Незаметно возникнув, Цум уже давно стоял в дверях, терпеливо дожидаясь паузы. Рукой он держался за щеку.
– Простите, господин менеджер, тысячу раз простите. Там эта девица… Не слабый, знаете ли, номер… – как-то нехотя выговорил он, отнял ладонь, и Костылев увидел большой темный синяк.
– Не успокоилась? – слегка удивился менеджер. – Даже после воздействия?
– Не то слово, – мрачно уронил референт.
– Ну так убейте ее. Не смогли обработать – ликвидируйте. – Последние слова его прозвучали, как выстрелы из малокалиберной винтовки. – На чем мы остановились? – он снова повернулся к Костылеву. – Да! На правомерности убийства. Здесь этот вопрос муссируется давно. Ваша задача – доказать, что в принципе убивать допустимо в любом случае. И даже желательно.

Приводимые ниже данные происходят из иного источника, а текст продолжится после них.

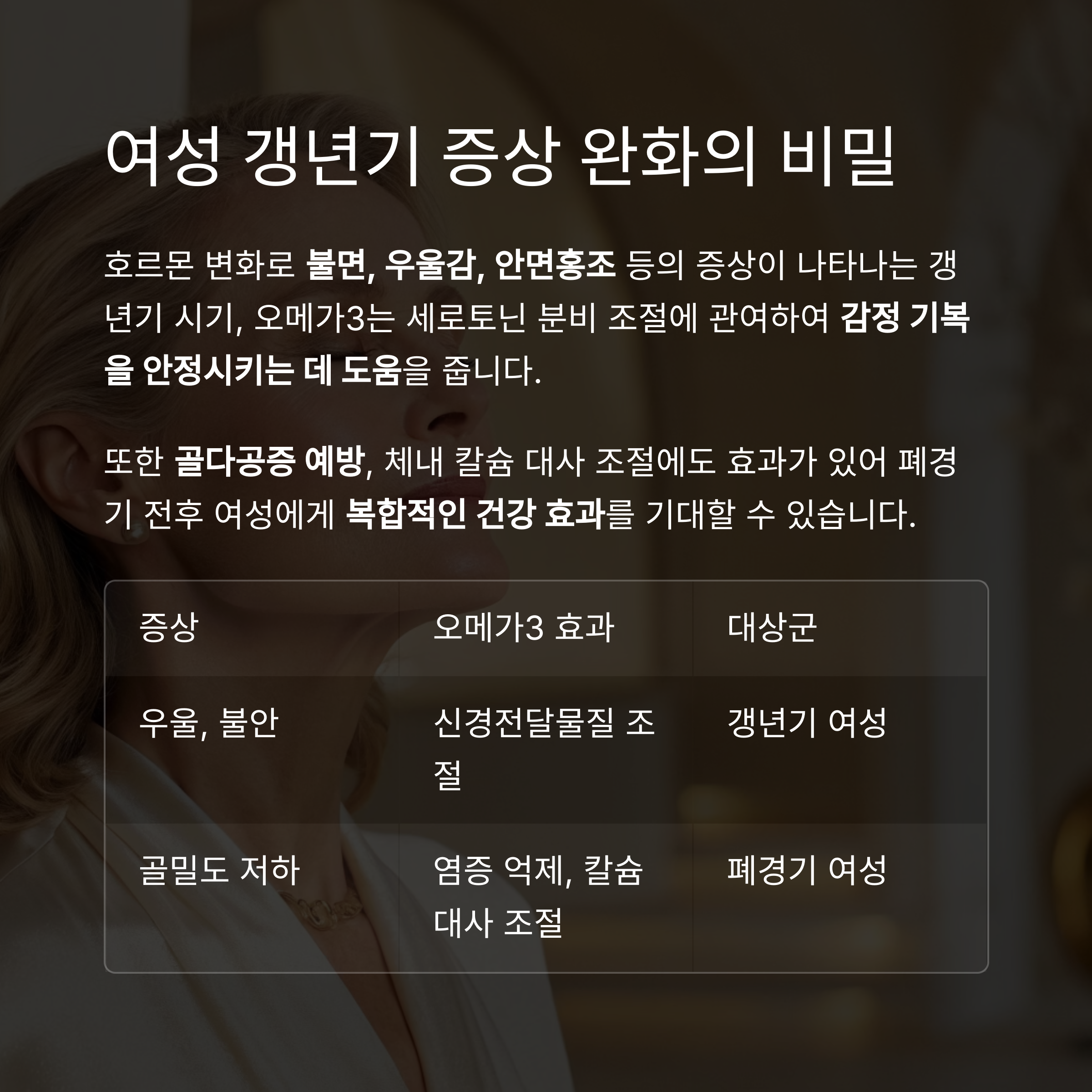 | 골밀도 저하 | 염증 억제, 칼슘 대사 조절 | 폐경기 여성 |

– Боюсь, что на это я не гожусь… хотя вообще… – бормотал Костылев что попало, чувствуя растущее беспокойство и судорожно думая, как задержать Цума, который шагнул было к двери, но вдруг остановился и принялся расчесывать лоб между рогами.
– А вот мы сейчас попробуем, – менеджер энергично поднялся из кресла и подошел к стене, отделяющей кабинет от приемной. Костылев обернулся. Эта стена в отличие от остальных вся была скрыта плотной занавеской; согласно кинофильмам, такими занавесками зачем-то задергивают географические карты в штабах военачальников. Однако за ней оказалась отнюдь не карта, а толстое стекло, за которым Костылев против ожидания увидел не приемную, а незнакомую полутемную комнату.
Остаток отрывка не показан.